Certiorari should go
It follows, in our opinion, that the Medical Panel erred in law by misconstruing the effect of s 91(7)(c). The Panel proceeded as if they were bound to disregard unrelated injuries or causes by applying the methodology of s 3.3f(9) of the Guides. In the circumstances of this case, however, s 91(1)(7)(c) bound the Medical Panel to eschew s 3.3f(9) of the Guides and to do their best to disregard unrelated injuries or causes. They were required to apply their knowledge and experience in order to determine the extent to which impairment from unrelated injury or cause was causing or playing a part in the worker’s assessed level of impairment.

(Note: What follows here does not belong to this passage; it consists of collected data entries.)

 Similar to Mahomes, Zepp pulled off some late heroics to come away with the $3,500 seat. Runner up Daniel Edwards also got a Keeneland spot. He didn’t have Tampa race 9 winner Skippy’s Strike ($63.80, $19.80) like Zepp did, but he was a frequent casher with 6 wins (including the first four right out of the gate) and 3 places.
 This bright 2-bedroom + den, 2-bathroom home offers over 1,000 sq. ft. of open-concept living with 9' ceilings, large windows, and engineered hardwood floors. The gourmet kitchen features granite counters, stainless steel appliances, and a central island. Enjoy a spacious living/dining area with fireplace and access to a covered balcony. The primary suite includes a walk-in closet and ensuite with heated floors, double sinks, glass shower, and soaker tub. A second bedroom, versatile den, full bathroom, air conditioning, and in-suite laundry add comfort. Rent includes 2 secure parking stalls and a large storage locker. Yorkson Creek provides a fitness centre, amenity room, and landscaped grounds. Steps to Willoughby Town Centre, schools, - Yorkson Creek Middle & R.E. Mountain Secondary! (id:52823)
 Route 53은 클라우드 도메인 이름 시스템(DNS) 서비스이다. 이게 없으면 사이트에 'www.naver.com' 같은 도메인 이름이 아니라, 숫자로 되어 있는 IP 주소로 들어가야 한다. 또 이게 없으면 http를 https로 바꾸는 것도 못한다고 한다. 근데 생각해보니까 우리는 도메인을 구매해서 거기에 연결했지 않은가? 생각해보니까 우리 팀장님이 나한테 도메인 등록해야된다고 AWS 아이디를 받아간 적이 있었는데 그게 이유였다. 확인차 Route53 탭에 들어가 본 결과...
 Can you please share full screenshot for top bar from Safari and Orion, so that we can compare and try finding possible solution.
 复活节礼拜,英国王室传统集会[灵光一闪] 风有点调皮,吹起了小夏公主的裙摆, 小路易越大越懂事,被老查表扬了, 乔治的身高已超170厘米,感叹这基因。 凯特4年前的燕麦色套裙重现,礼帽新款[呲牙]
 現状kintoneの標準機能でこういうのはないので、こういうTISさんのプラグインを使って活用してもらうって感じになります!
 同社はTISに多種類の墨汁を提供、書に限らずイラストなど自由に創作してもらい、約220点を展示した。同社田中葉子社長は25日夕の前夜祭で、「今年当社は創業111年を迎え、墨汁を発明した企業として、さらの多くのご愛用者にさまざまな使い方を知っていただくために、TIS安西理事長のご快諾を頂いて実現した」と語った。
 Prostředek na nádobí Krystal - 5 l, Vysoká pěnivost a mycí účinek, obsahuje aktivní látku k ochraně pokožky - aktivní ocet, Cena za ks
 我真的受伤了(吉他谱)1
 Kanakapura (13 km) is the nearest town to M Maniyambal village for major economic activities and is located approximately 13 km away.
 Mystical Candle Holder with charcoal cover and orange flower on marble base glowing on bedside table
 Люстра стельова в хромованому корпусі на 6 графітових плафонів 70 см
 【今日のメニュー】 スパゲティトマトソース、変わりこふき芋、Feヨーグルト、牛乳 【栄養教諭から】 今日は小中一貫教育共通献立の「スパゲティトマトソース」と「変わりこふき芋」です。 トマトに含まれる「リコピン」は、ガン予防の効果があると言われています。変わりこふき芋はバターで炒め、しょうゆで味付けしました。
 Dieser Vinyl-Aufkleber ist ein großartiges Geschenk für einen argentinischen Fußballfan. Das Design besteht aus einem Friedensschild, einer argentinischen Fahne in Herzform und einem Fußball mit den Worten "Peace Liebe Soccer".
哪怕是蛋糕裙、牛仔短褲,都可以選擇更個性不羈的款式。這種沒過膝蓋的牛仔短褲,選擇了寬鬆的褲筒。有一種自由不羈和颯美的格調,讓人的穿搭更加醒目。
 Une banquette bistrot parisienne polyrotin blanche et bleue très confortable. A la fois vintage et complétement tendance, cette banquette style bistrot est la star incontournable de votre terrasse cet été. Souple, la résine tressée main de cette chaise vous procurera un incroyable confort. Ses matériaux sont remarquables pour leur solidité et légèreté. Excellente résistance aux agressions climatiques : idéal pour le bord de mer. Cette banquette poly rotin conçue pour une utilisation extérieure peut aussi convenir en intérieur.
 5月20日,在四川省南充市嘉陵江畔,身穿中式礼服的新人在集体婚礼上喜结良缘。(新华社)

It is unnecessary to decide whether the Medical Panel’s error was a jurisdictional error, as the applicant contends, or simply an error of law made in the exercise of jurisdiction. If it be the latter, it was nonetheless an error of law apparent from the Panel’s reasons and, therefore, an error of law on the face of the record for which certiorari will go.[24]
[24]Administrative Law Act 1978 s 10; Kocak v Wingfoot Australia Partners Ltd (2012) 295 ALR 730, 754 [72].
Conclusion
In the result, if leave to appeal be required, we shall allow the application for leave to appeal and treat the appeal as instituted and heard instanter. We shall allow the appeal and set aside the orders below. In lieu thereof, we shall make an order in the nature of certiorari quashing the Medical Panel’s opinion and we shall remit the matter to the Medical Panel for reconsideration in accordance with law. The fourth respondent should pay the costs of the proceeding below and also of the application and appeal.